Department ‘Anthropology of Economic Experimentation’
The world economy today is facing deep uncertainty and a structural impasse. On the one hand, the climate crisis, rampant inequalities, and growing social conflicts call for radical change. On the other hand, systemic transformations – comparable to the New Deal and the post-World War II era – seem unlikely, even after such major shocks as the 2008 financial crisis and the 2019-2022 pandemic. What can economic anthropology offer at this historic juncture?
Established in September 2021, the Department of Anthropology of Economic Experimentation seeks to develop an approach to inquiry that engages with public understandings of economic life, and thereby supports bottom-up experimentation for alternatives. Public perceptions about everyday questions such as what makes for a good life, and what “convenience” means, are crucial parts of the world economy. Without engaging with such public understandings, we cannot address pressing contemporary issues, ranging from energy transition to population ageing. At the same time, thanks to the rapid increase in educational levels and advances in communications technologies, a public of unprecedented size is ready to engage in critical reflection together with scholars.

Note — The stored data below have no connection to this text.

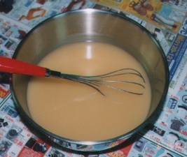 掲示板に白ワセリンを塗って、サランラップをはりつけてせっけんの素をいれるべきだったのですが、うまくサランラップがはりつかず、イライラしてとうとうそのままいれてしまいました。掲示板で教えてくださった方、ごめんなさい。
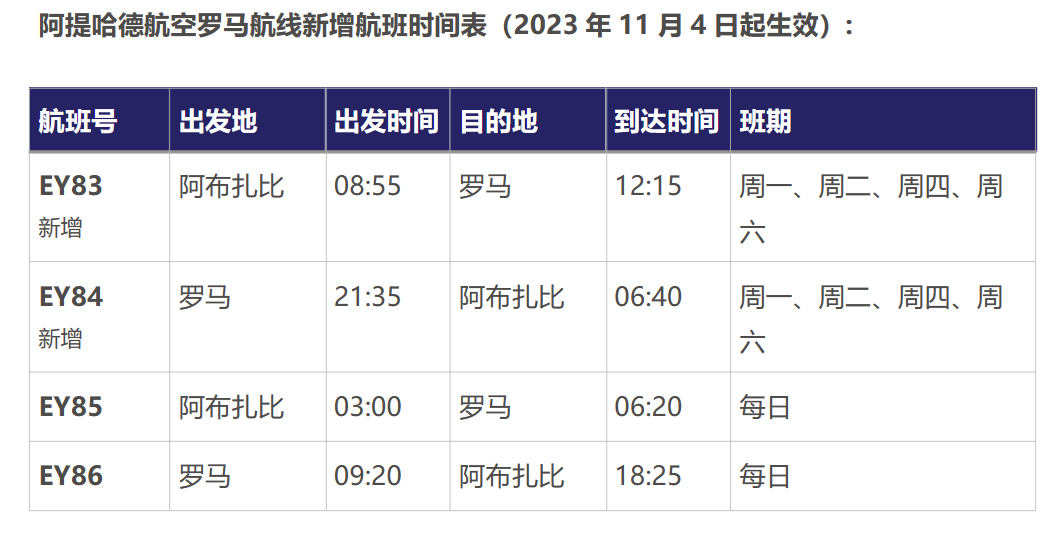 自2023年11月4日起,新增的四班客运航班将为商务和休闲旅客提供更便捷的出行方式,通过周一、周二、周四和周六的每日双程航班,更好地连接意大利和阿联酋的首都。
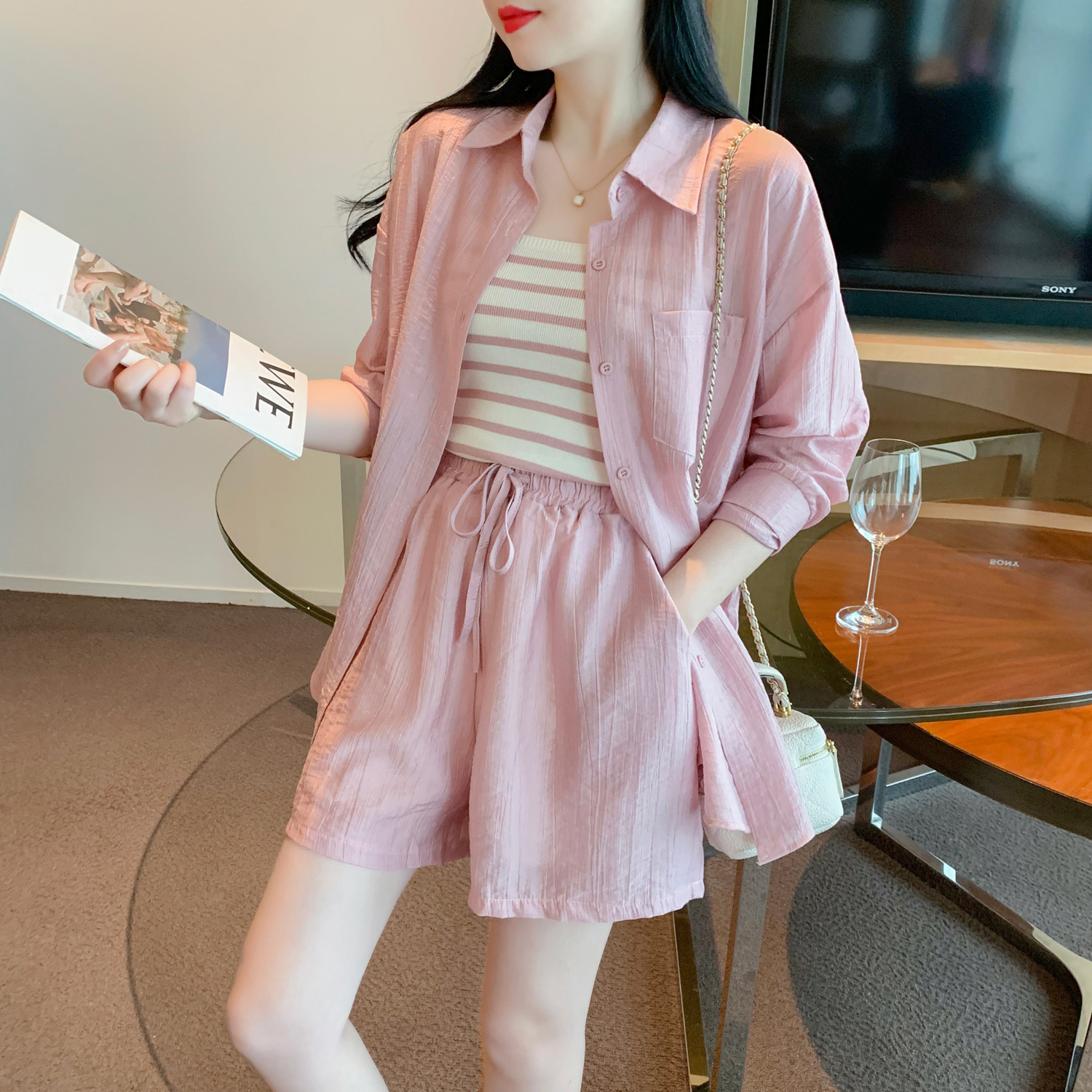 Salted Sweet Sun-protective Shirt Shirt Vest Short Pants suit Women’s Summer New Three-piece Set for Small Men
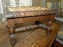 Lot 93: 1 (One) Small wood stool, carved apron, woven top, carved legs 12" w x 8" d x 8" h,

Public outreach as a mere add-on to conventional research is no longer enough. We need new ways of doing research as a social praxis. Our department will experiment with an approach that identifies research questions not according to gaps in academic knowledge, but through understanding the concerns people are grappling with in their everyday lives – concerns that reflect their subjective experience of objective social contradictions. We will examine these daily practices as forms of experimentation: how do people explore multiple possibilities, reflect on reality, and envision alternatives. In so doing, we are calling for a 21st century “ethnographic imagination” to complement the 20th century’s “sociological imagination”. This sociological imagination links personal troubles to public problems, while an ethnographic imagination breaks the abstract down into the concrete and the actionable.
We are developing such an ethnographic imagination through a wide range of case studies. These cover both classical and cutting-edge topics in economic anthropology including family, property, trade, digital platforms, and logistics. Based on case studies, our collaborative research is organised along the following lines:
(1) Common concerns: We probe common concerns often related to the overarching but hidden contradictions which shape people’s perceptions and experiences.
(2) Social repair: We follow ordinary citizens’ experimental efforts to repair their social relations in daily life.
(3) Mobility: We examine mobility as a key means through which socioeconomic relations are rearranged.
(4) Repositioning global thinking: We redefine global questions by drawing on social concerns and experimentation in the Global South as intellectual resources.